> **Assignment**
Restate the data below word for word, and let no image into your version.

+===+

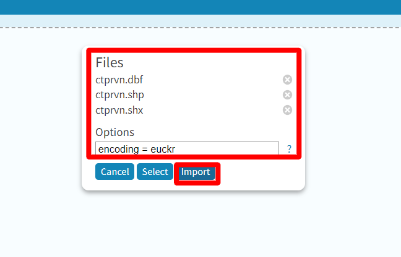 (1) 변환된 파일 3개를 넣고 option에 encoding=euckr(띄어쓰기 없어야함.) 라고 입력하고 import 클릭
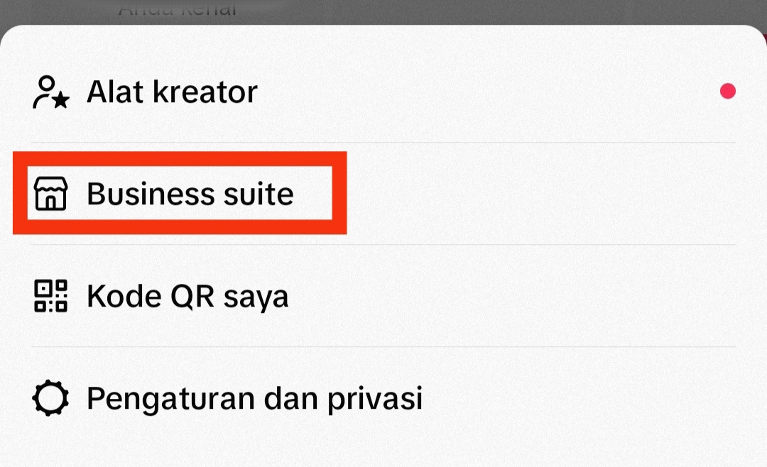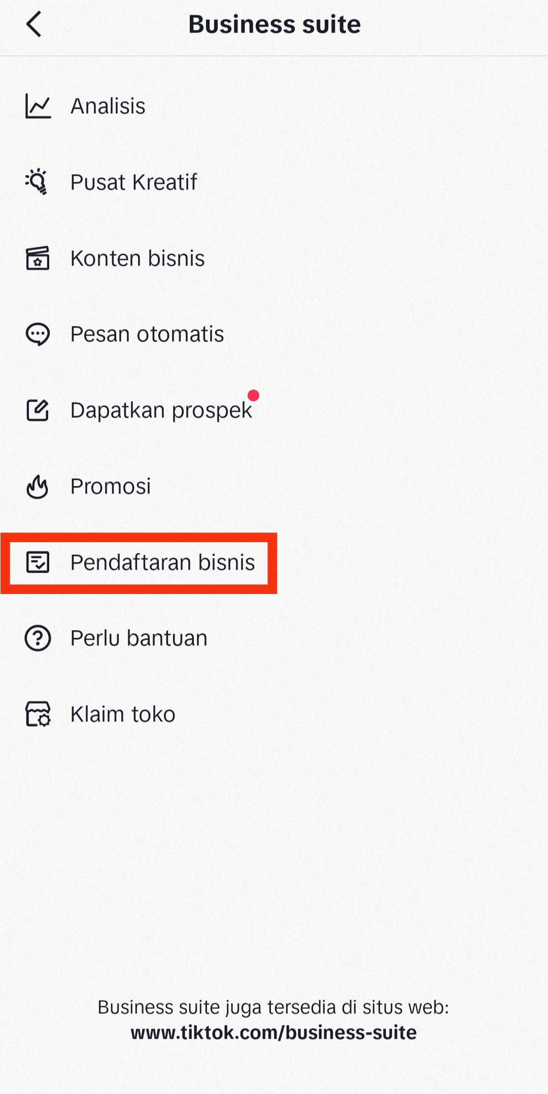 5. Akun TikTok pun telah berubah menjadi akun bisnis. Namun, tahapan ini belum selesai. Ada beberapa langkah lagi yang harus dilakukan sebelum akhirnya bisa menambahkan link Shopee di bio TikTok. Pada akun profil TikTok, klik pada tanda tiga garis di pojok kanan atas, pilih "Business suite" dan kemudian pilih "Pendaftaran bisnis".
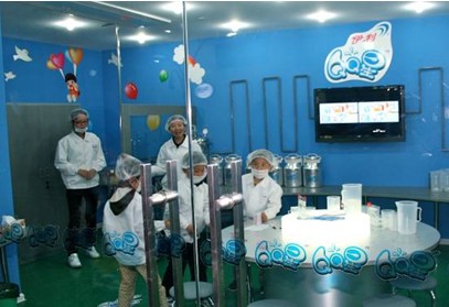 緊鄰“伊利牧場”,就是“QQ星兒童乳品研究院”。穿上白大褂,戴上口罩和帽子,小朋友們的神情立刻嚴(yán)肅起來,不過,在看到“親手”研發(fā)、生產(chǎn)的牛奶流出來的一瞬間,他們?nèi)匀蝗滩蛔g呼跳躍,露出孩童本性……
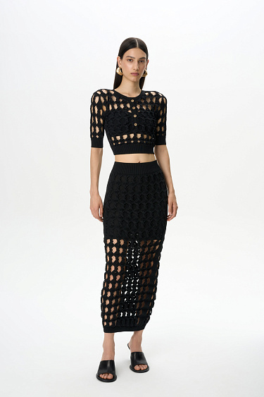 Knitted top with large openwork weave. Round neckline with button placket. Features wide textured elastic band on the sleeves and at the bottom. Includes top with thin straps.
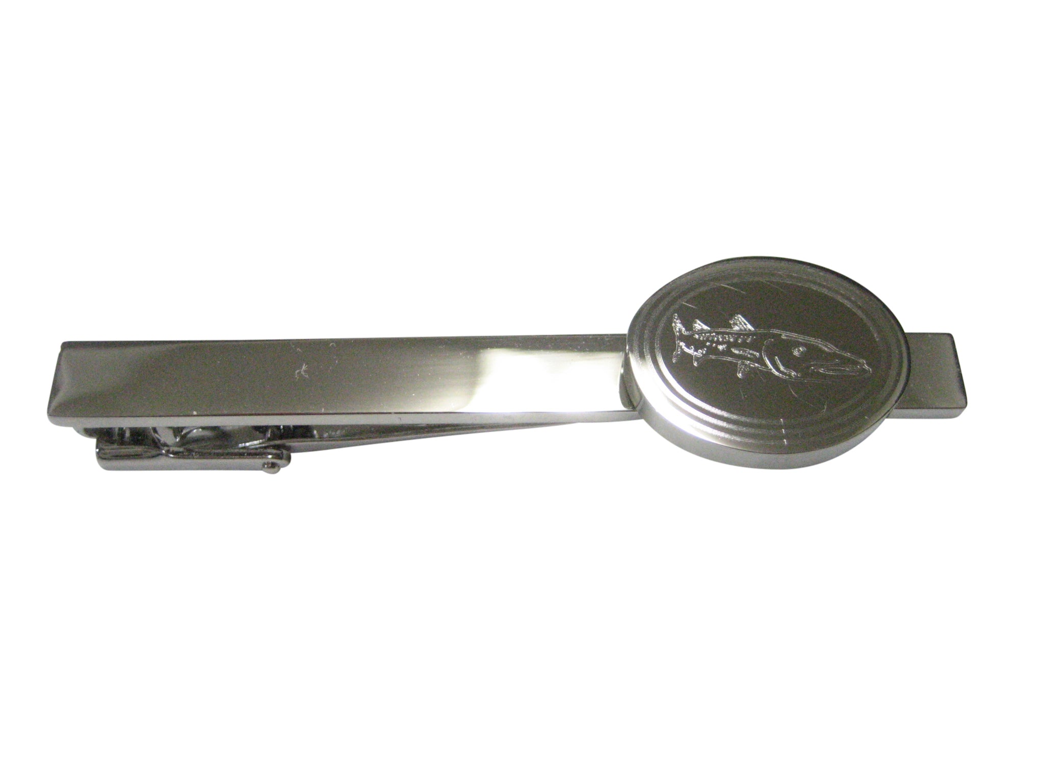 Silver Toned Oval Etched Barracuda Fish Tie Clip
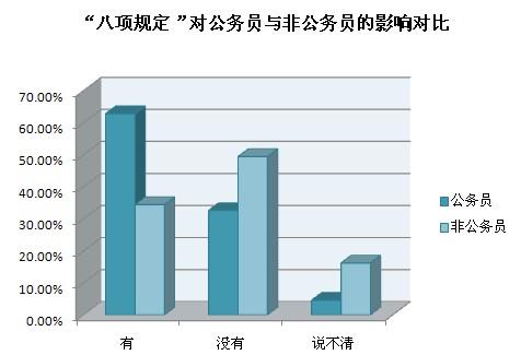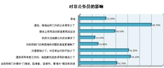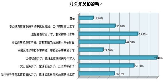 還有三到五成受訪公務(wù)員認(rèn)為“辦公經(jīng)費(fèi)控制更嚴(yán)格,需要更加節(jié)約地使用辦公用品”、“群眾滿意度在業(yè)績(jī)考核中比重增加,工作態(tài)度更認(rèn)真了”和“陪同領(lǐng)導(dǎo)考察工作的情況少了,能抽出更多時(shí)間處理其他工作”是“八項(xiàng)規(guī)定”帶來的幾大影響。
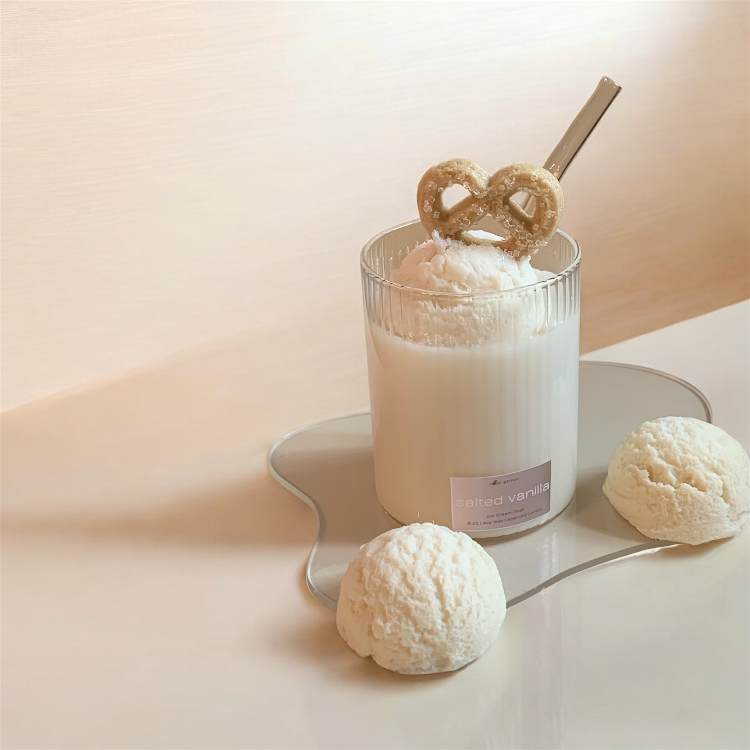 Light up some sweet moments! Our Ice Cream Float Candle Collection is aesthetic, highly fragrant, all the good feels in a jar, blending your love for ice cream with the cozy ambiance of a candle. Each one is hand-poured with 100% soy wax, a clean cotton wick, and topped with the cutest little wax ice cream scoop that looks just like the real deal (minus the brain freeze).
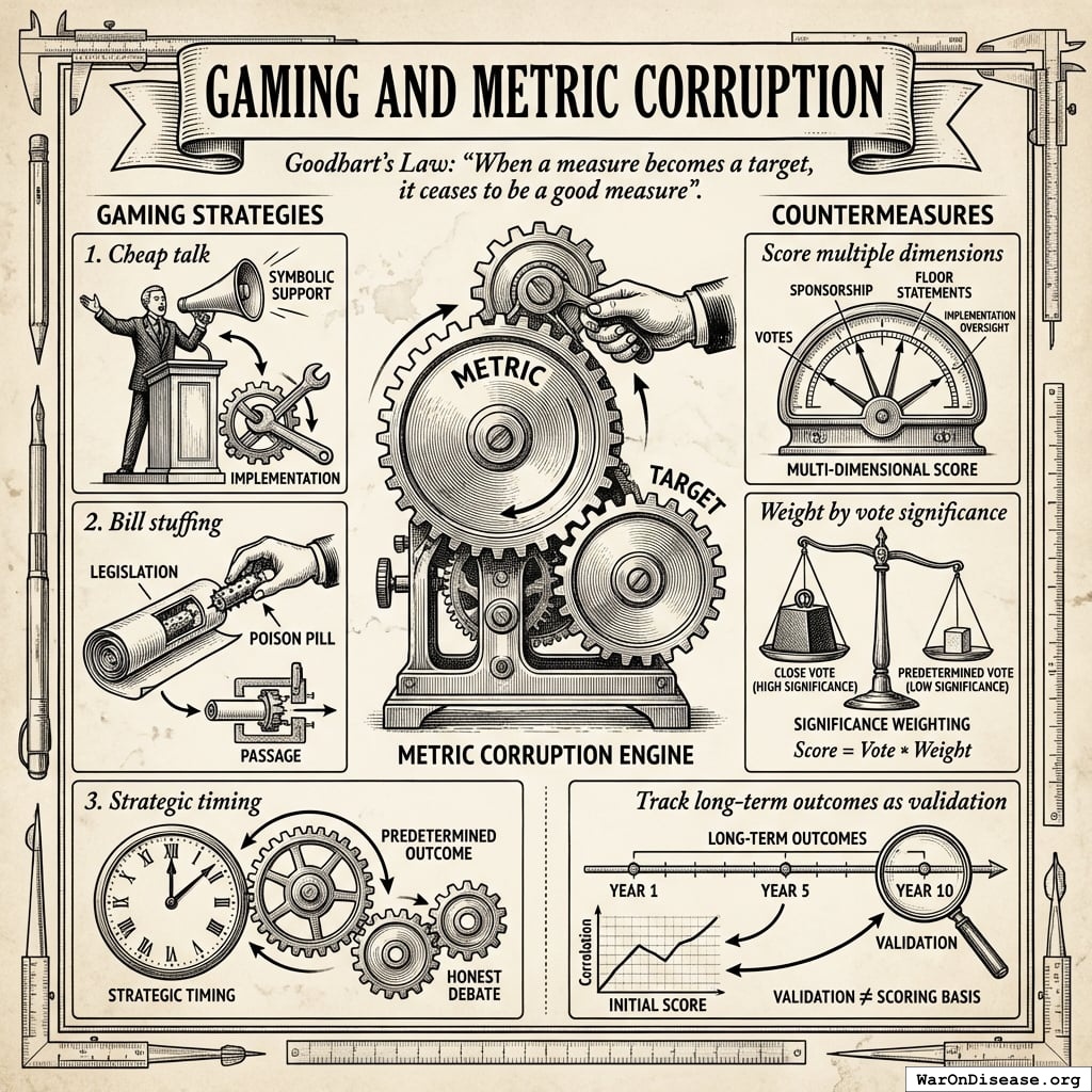 The third primitive property, funding from harmful sources, is therefore not merely a normative preference or a political strategy. Under the soft budget constraint dynamics described above, it is enough to achieve real resource reallocation (likely needed in practice). Without specifying the funding source, advocates win symbolic victories while real resources continue flowing to Olsonian programs. With specified reallocation, the IAB creates genuine redistribution from net-negative to net-positive uses, constrained only by political will rather than by the illusion of unlimited budgetary capacity.
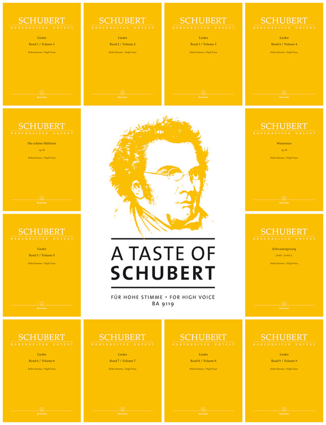 Do you know Bärenreiter's performing edition of Schubert Lieder? 13 volumes containing the complete Lieder for solo voice and piano in editions for high, medium and low voice are planned. "A Taste of Schubert" presents one to three pieces from each volume to create a cross-section of Schubert's complete lieder œuvre. Lieder from his famous cycles are included as well as "Sehnsucht", of which he wrote several settings. Contrasting genres have also been taken into consideration, beginning with simple strophic songs, via the ballad "Der König von Thule" through to his long Ossian Lied "Cronnan".
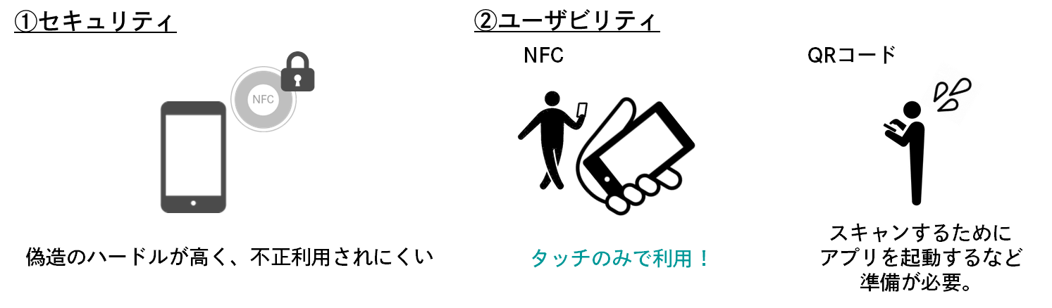 NFCは、QRコードに比べてセキュリティ性が高く、操作性に優れています。
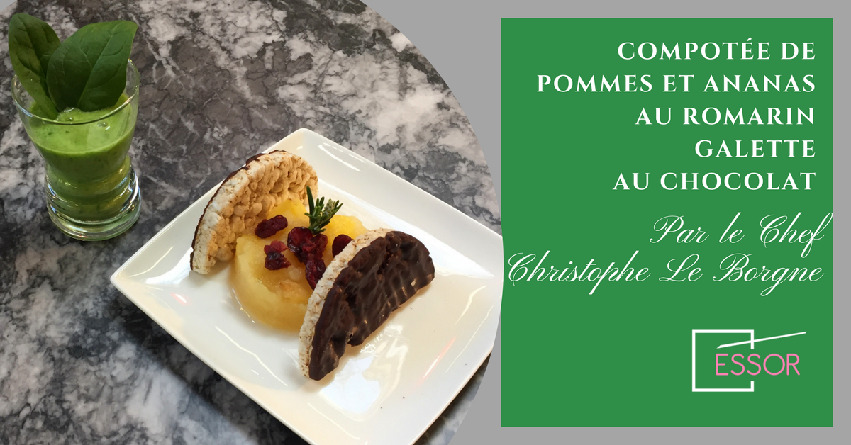 Le Chef Christophe Le Borgne, des Chefs du samedi à Essor Anglet, vous propose sa recette de compotée de pommes et ananas au romarin galette au chocolat :

+===+

> **Response below**
 (1) 변환된 파일 3개를 넣고 option에 encoding=euckr(띄어쓰기 없어야함.) 라고 입력하고 import 클릭
 5. Akun TikTok pun telah berubah menjadi akun bisnis. Namun, tahapan ini belum selesai. Ada beberapa langkah lagi yang harus dilakukan sebelum akhirnya bisa menambahkan link Shopee di bio TikTok. Pada akun profil TikTok, klik pada tanda tiga garis di pojok kanan atas, pilih "Business suite" dan kemudian pilih "Pendaftaran bisnis".
 緊鄰“伊利牧場”,就是“QQ星兒童乳品研究院”。穿上白大褂,戴上口罩和帽子,小朋友們的神情立刻嚴(yán)肅起來,不過,在看到“親手”研發(fā)、生產(chǎn)的牛奶流出來的一瞬間,他們?nèi)匀蝗滩蛔g呼跳躍,露出孩童本性……
 Knitted top with large openwork weave. Round neckline with button placket. Features wide textured elastic band on the sleeves and at the bottom. Includes top with thin straps.
 Silver Toned Oval Etched Barracuda Fish Tie Clip
 還有三到五成受訪公務(wù)員認(rèn)為“辦公經(jīng)費(fèi)控制更嚴(yán)格,需要更加節(jié)約地使用辦公用品”、“群眾滿意度在業(yè)績(jī)考核中比重增加,工作態(tài)度更認(rèn)真了”和“陪同領(lǐng)導(dǎo)考察工作的情況少了,能抽出更多時(shí)間處理其他工作”是“八項(xiàng)規(guī)定”帶來的幾大影響。
 Light up some sweet moments! Our Ice Cream Float Candle Collection is aesthetic, highly fragrant, all the good feels in a jar, blending your love for ice cream with the cozy ambiance of a candle. Each one is hand-poured with 100% soy wax, a clean cotton wick, and topped with the cutest little wax ice cream scoop that looks just like the real deal (minus the brain freeze).
 The third primitive property, funding from harmful sources, is therefore not merely a normative preference or a political strategy. Under the soft budget constraint dynamics described above, it is enough to achieve real resource reallocation (likely needed in practice). Without specifying the funding source, advocates win symbolic victories while real resources continue flowing to Olsonian programs. With specified reallocation, the IAB creates genuine redistribution from net-negative to net-positive uses, constrained only by political will rather than by the illusion of unlimited budgetary capacity.
 Do you know Bärenreiter's performing edition of Schubert Lieder? 13 volumes containing the complete Lieder for solo voice and piano in editions for high, medium and low voice are planned. "A Taste of Schubert" presents one to three pieces from each volume to create a cross-section of Schubert's complete lieder œuvre. Lieder from his famous cycles are included as well as "Sehnsucht", of which he wrote several settings. Contrasting genres have also been taken into consideration, beginning with simple strophic songs, via the ballad "Der König von Thule" through to his long Ossian Lied "Cronnan".
 NFCは、QRコードに比べてセキュリティ性が高く、操作性に優れています。
 Le Chef Christophe Le Borgne, des Chefs du samedi à Essor Anglet, vous propose sa recette de compotée de pommes et ananas au romarin galette au chocolat :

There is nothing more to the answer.